**Your assignment:**
Your output should be everything below from the line containing "Modern, base game" down to the line containing "Als echter Verkupplungskünstler", both ends included, copied exactly, with pictures left out.

**Records to process:**

Content starts

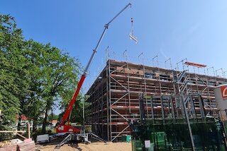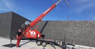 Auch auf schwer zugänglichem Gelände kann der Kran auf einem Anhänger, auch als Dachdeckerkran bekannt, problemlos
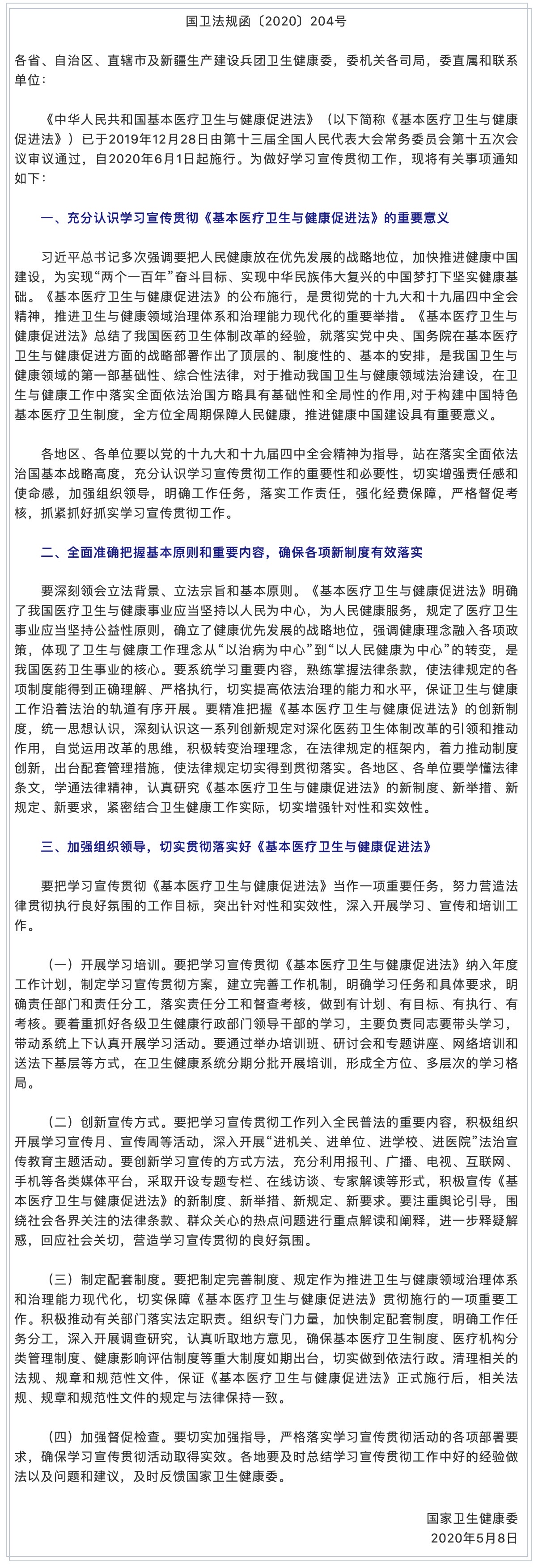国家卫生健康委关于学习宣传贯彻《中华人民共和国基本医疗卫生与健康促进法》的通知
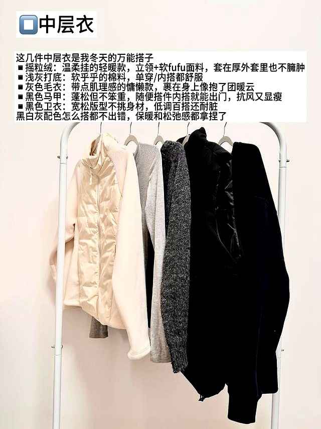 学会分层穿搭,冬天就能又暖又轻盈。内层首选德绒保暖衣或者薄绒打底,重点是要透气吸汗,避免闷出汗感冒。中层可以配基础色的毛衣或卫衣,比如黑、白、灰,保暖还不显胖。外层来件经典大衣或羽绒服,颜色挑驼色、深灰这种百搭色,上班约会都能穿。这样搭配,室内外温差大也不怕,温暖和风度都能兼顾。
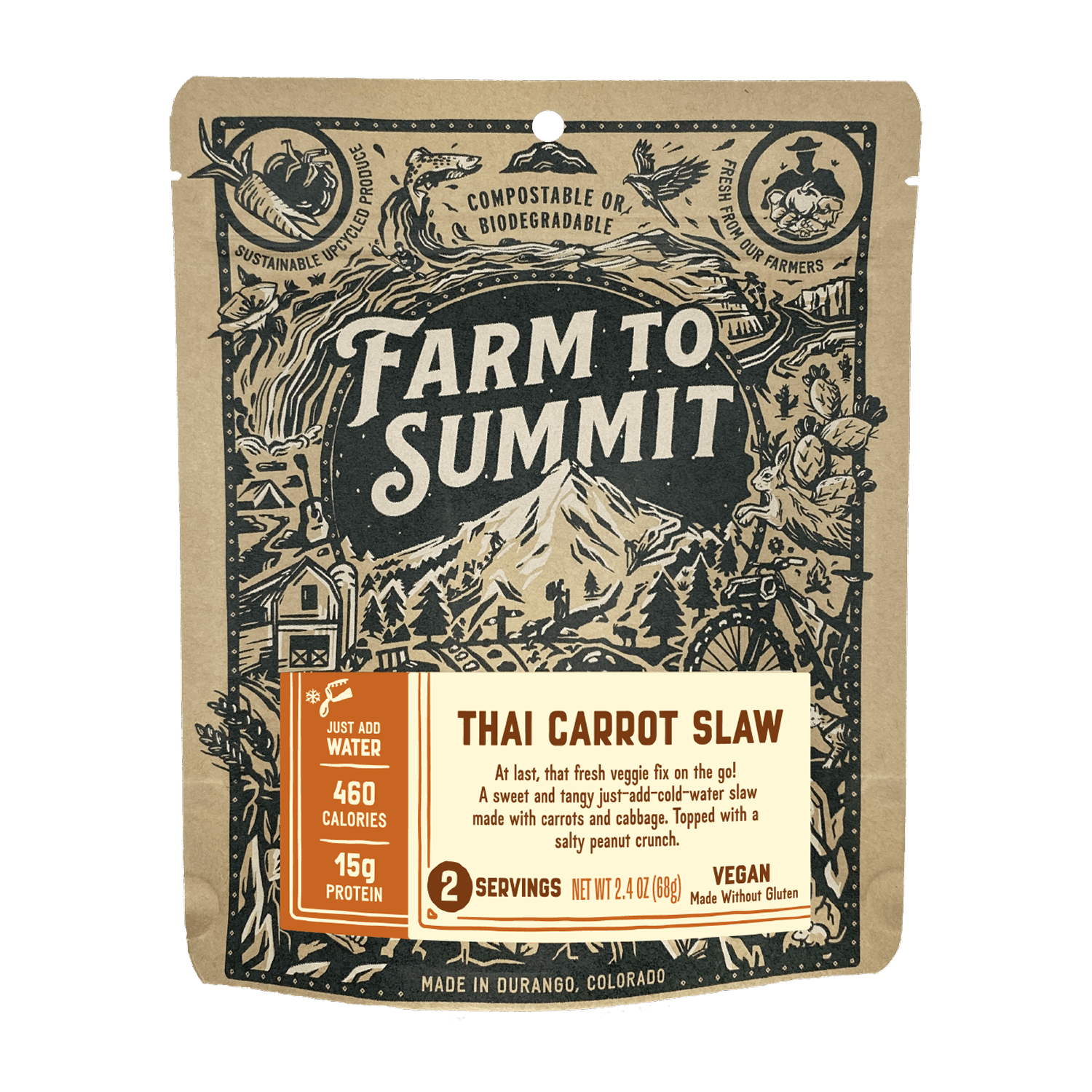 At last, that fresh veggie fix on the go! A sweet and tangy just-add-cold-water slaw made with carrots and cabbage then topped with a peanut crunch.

Content ends
Content starts

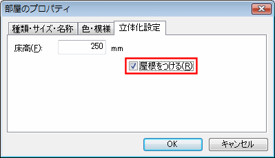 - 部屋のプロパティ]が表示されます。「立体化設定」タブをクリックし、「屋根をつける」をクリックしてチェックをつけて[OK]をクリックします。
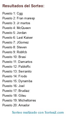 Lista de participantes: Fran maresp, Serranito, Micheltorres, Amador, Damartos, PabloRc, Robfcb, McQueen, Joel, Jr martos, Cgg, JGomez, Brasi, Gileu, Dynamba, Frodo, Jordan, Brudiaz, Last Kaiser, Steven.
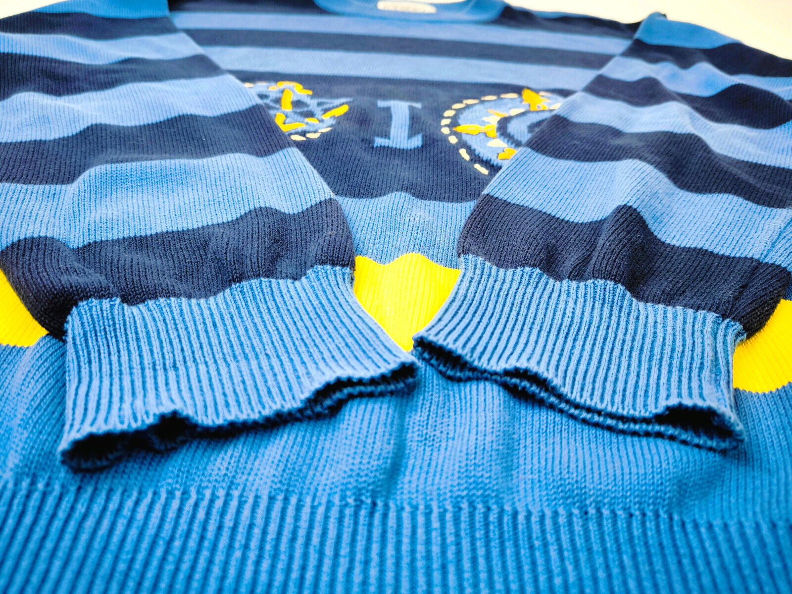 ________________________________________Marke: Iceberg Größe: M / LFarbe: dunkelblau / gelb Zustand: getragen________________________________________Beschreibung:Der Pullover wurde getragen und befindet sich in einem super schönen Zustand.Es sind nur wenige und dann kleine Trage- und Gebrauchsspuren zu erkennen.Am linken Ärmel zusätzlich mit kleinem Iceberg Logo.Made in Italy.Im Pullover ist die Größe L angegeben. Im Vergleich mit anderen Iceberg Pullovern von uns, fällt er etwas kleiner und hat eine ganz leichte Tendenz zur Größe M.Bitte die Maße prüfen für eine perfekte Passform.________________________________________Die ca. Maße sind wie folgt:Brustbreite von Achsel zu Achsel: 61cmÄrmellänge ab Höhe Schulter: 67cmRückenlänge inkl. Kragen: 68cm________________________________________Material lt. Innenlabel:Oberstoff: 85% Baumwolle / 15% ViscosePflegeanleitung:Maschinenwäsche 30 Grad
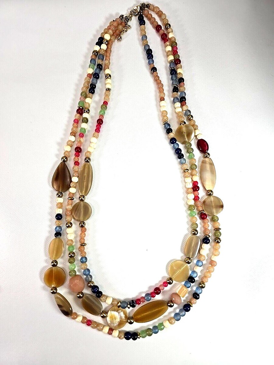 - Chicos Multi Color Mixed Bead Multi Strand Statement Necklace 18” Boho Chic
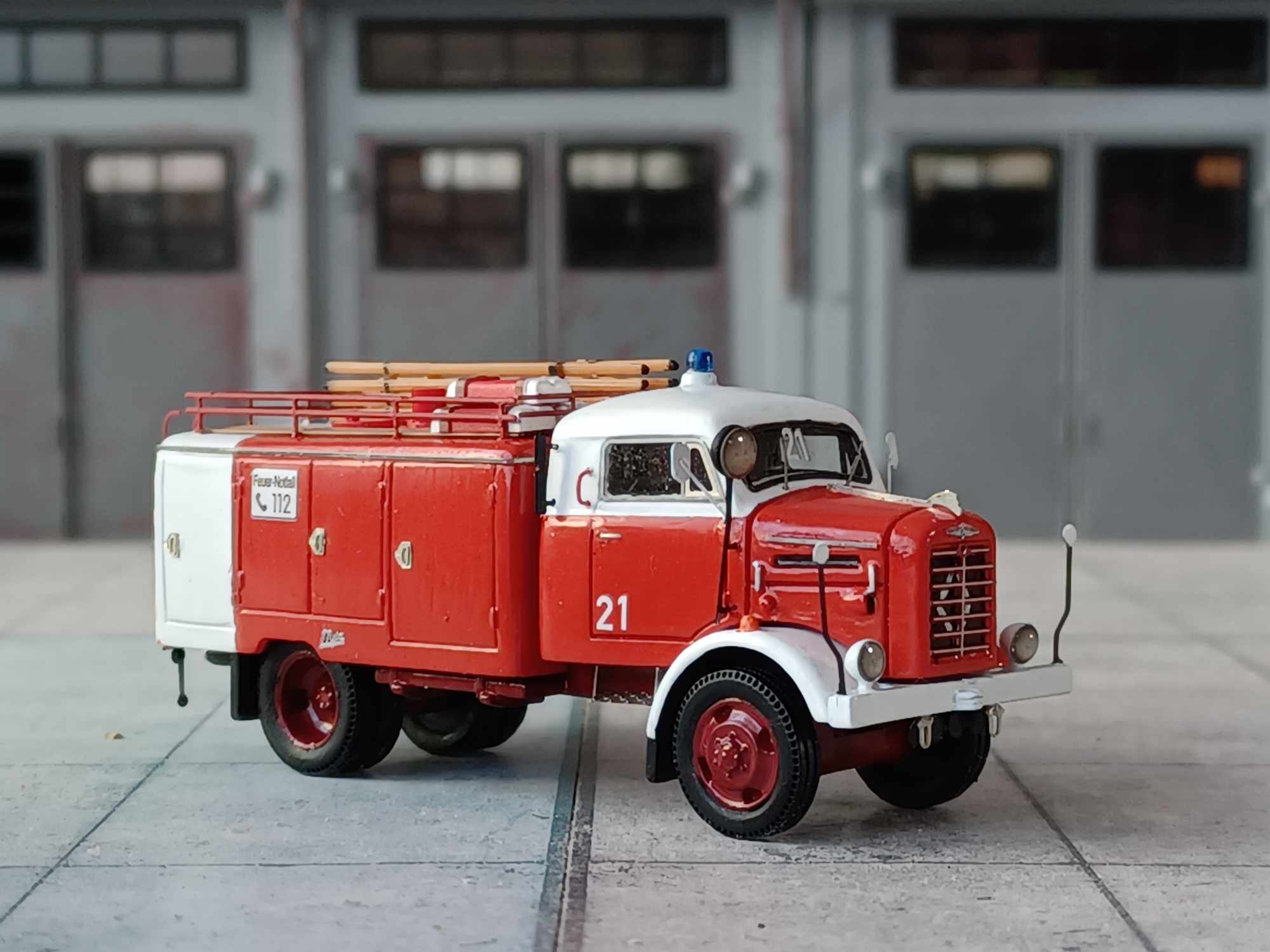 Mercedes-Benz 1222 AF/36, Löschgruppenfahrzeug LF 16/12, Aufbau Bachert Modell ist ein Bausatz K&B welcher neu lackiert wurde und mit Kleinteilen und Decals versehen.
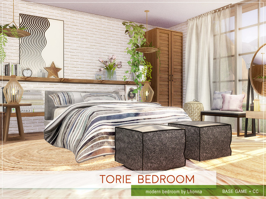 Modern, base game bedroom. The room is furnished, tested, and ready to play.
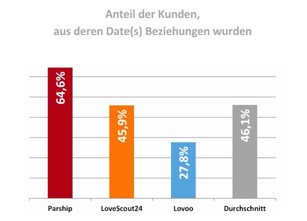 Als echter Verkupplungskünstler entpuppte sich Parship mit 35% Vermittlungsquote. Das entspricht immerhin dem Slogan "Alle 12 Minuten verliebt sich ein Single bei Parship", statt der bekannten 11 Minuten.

Content ends
Content starts

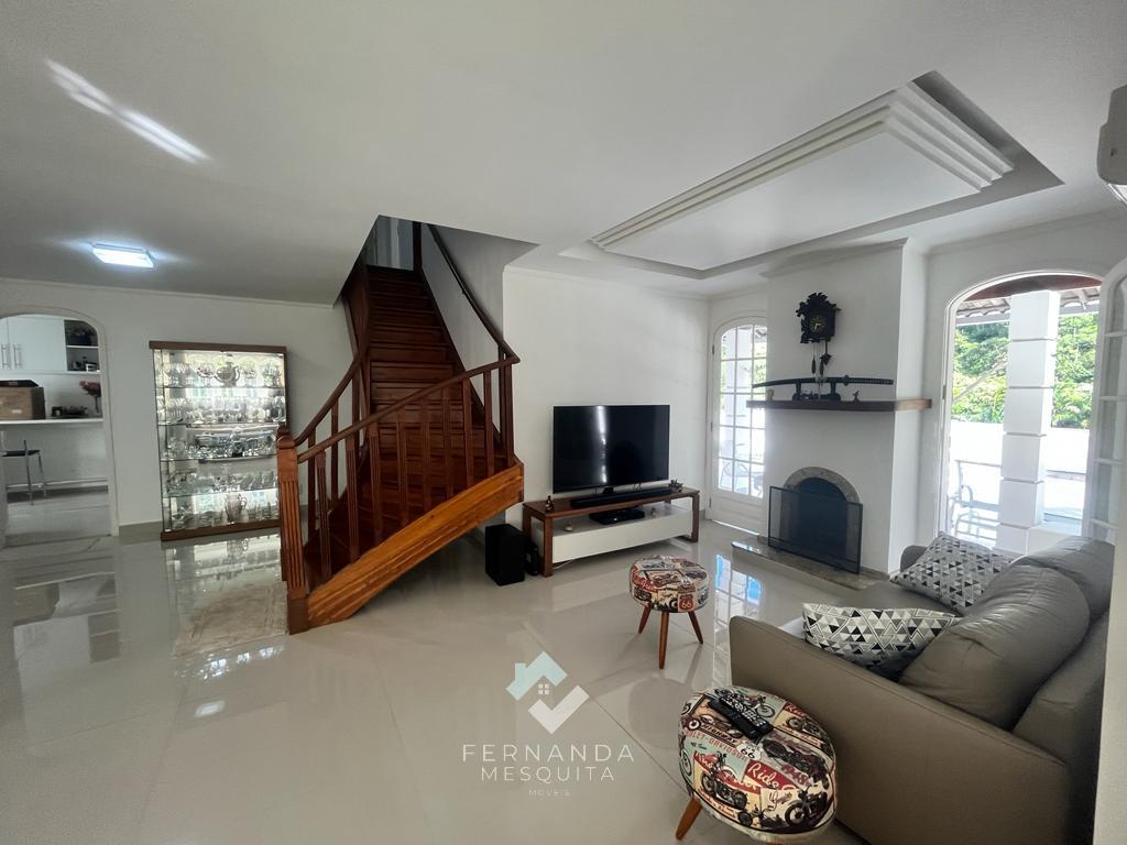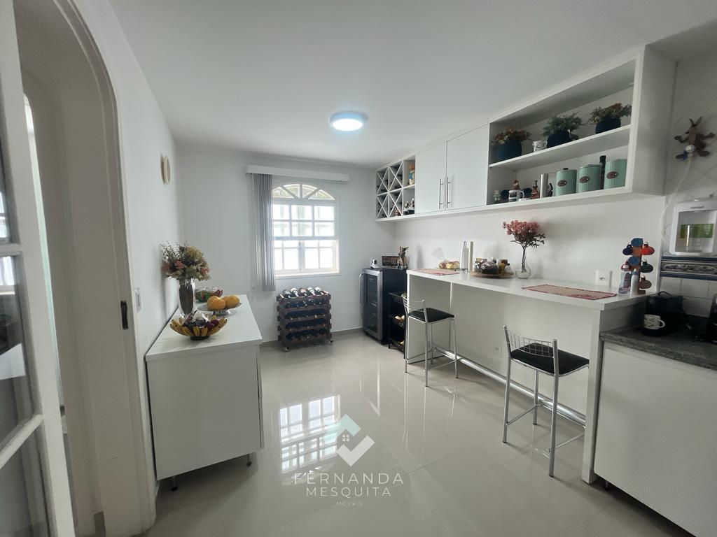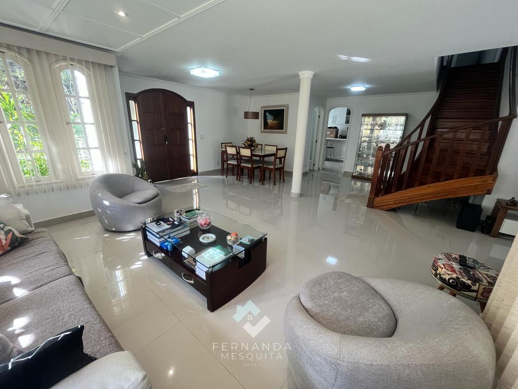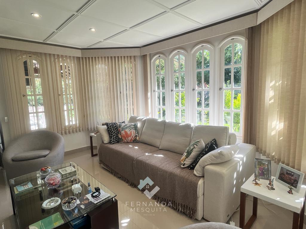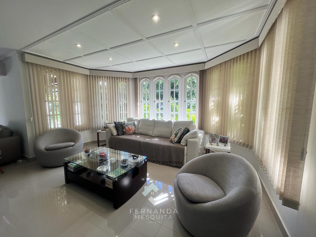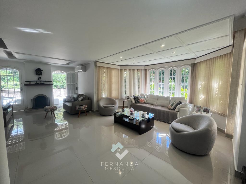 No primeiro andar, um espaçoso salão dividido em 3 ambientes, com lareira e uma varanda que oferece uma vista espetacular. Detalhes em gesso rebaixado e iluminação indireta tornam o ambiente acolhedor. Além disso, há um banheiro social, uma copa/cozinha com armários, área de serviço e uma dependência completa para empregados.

Content ends

**Output for this task:**
 Modern, base game bedroom. The room is furnished, tested, and ready to play.
 Als echter Verkupplungskünstler entpuppte sich Parship mit 35% Vermittlungsquote. Das entspricht immerhin dem Slogan "Alle 12 Minuten verliebt sich ein Single bei Parship", statt der bekannten 11 Minuten.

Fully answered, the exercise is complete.